Не слова могут вывести танки из парков и войска из казарм, считали Куронь и Михник, а события. Если они вдруг вырвались бы из-под контроля… Нужно, таким образом, называть вещи своими именами: насилие — насилием, власть московского «разлива» — властью, руководимой из Москвы. И нужно сказать, что наша собственная безопасность велит мириться с имперскими интересами России.

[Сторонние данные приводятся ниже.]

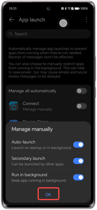 - Abra Ajustes, busque Iniciar o Inicio de aplicaciones, presione Iniciar o Inicio de aplicaciones, presione Connect, y habilite Inicio automático, Inicio secundario y Ejecutar en segundo plano.

Обвинения в радикализме, которые предъявлялись КОРу, вытекают в значительной мере из этой языковой стратегии. Верные КОРовской традиции громкого произнесения правды, КОРовцы не прятались за намеками, а публично и прилюдно говорили то, что другие резервировали для закрытых сектантских синклитов, где все свои. Парадоксальным образом их радикализм на уровне языка стал реально служить стратегии умеренности. Подобно Валенсе, Куронь исполнял роль пожарника, который гасит вспыхивающие забастовки, а удавалось ему это по той причине, что он говорил рабочим правду, объясняя, почему нужно соглашаться на компромиссы.

Приведу один факт, хорошо иллюстрирующий противоречие между распространенным мнением о Куроне и действительностью. Сразу же после рождения «Солидарности», находясь на вершине славы, Куронь участвовал вместе с Валенсой в митинге на щецинском стадионе. Его приняли овацией. Каждая его фраза сопровождалась бурей аплодисментов. Кроме одной: «Мы противники насилия и независимо от обстоятельств не будем мстить коммунистам». В телефонном разговоре со мной Куронь в тот день сказал: «Я понял тогда, что аплодировали вовсе не мне, а моему образу в официальной пропаганде. Во мне видят и хотят видеть революционера, поджигателя, готового резать горло всем красным».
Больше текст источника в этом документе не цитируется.